2) The most plausible contenders for assuming a greater leadership role were Turkey, Egypt, and Saudi Arabia. However, it remains to be seen whether the political leaders in those countries are up to the challenge -- with particularly acute disappointment over Turkish Prime Minister Tayyip Erdogan's habit of overpromising and underdelivering.

3) The pathology of helplessness and abdication of responsibility from past and present political leaders in the Middle East is hard to overstate. Many people seemed to believe that they possessed little agency over their personal and political trajectories, while acknowledging that this was a soothing excuse for inaction.

Second, there is a broad acceptance and understanding that the United States should have a continued role in the region, particularly regarding development and diplomacy. Leading foreign policy thinkers from the Freedom and Justice Party (FJP) repeatedly demanded immediate foreign aid and argued that the United States should implement a Marshall Plan for Egypt in return for its decades-long support of Hosni Mubarak. In addition, they believed that the White House could produce billions of dollars of unconditional aid within the next few months. Given that the FJP experts had all lived or studied in the United States, it was surprising how little they knew about the appropriations process or the limited appetite for increasing the foreign aid budget.
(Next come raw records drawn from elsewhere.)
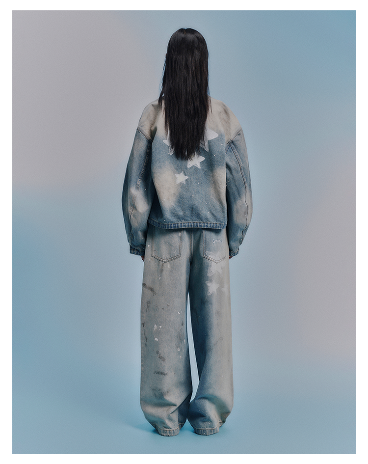 GOODBAI GOODEES梦幻星星印花水洗牛仔夹克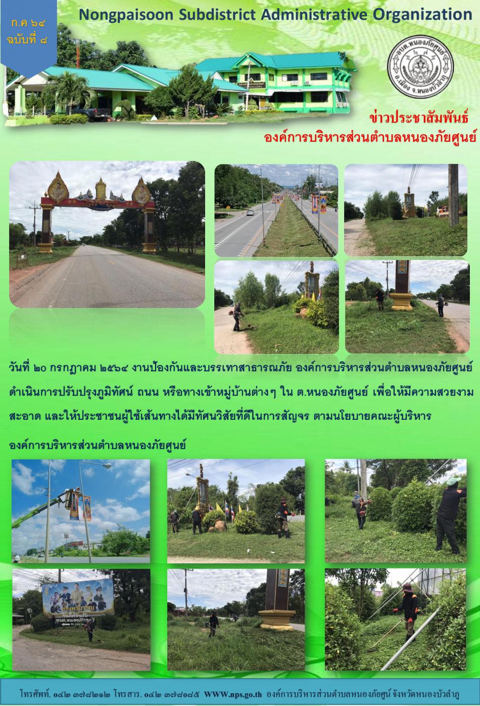 วันที่ ๒o กรกฎาคม ๒๕๖๔ งานป้องกันและบรรเทาสาธารณภัย องค์การบริหารส่วนตำบลหนองภัยศูนย์ ดำเนินการปรับปรุงภูมิทัศน์ ถนน หรือทางเข้าหมู่บ้านต่างๆ ใน ต.หนองภัยศูนย์ เพื่อให้มีความสวยงาม สะอาด... [20 กรกฎาคม 2564]
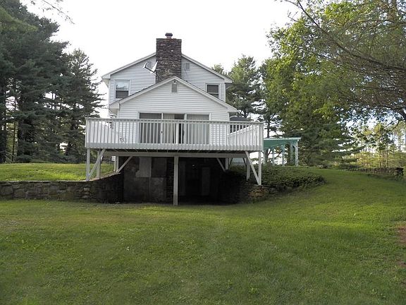 Escape to your private retreat, perfect for entertaining, sitting nicely on a gentle hill, surrounded by rolling lawn. The back covered stone patio overlooks your private, spring fed , stocked 100x300 pond, surrounded with hand built stone walls. The spacious first floor includes kitchen, formal fireplaced living room, dining room, family room and 3 season room, plus first floor bedroom, laundry and 1/2 bath. All rooms are large with loads of natural light. Master bedroom with 2 closets and full bath, 2 additional bedrooms and additional full bath on the second floor. Total square footage is almost 2000 SF. Paved driveway and attached 2 car garage, spotless vinyl siding and attractive stone accents, and 2014 roof provide easy care exterior. Large open deck to overlook your gardens and private pond. This special home is ready for your personal decorating to make it your own.

(For all of its attention in domestic politics, no one was aware of the potential impact of the so-called fiscal cliff on the U.S. ability to sustain its commitments around the world. It seemed implausible that American officials would allow such a thing to happen, or that the United States could run out of money.) 

Third, to broker diplomatic outcomes to enduring conflicts in the Middle East, many ascribed a level of power and influence to the United States that would make even the most ardent of neoconservatives wince. For example, although few believed President Obama would make a serious effort to facilitate an Israel-Palestine peace agreement, most believed he could so quickly if he prioritized the issue, since Tel Aviv supposedly takes direct orders from Washington.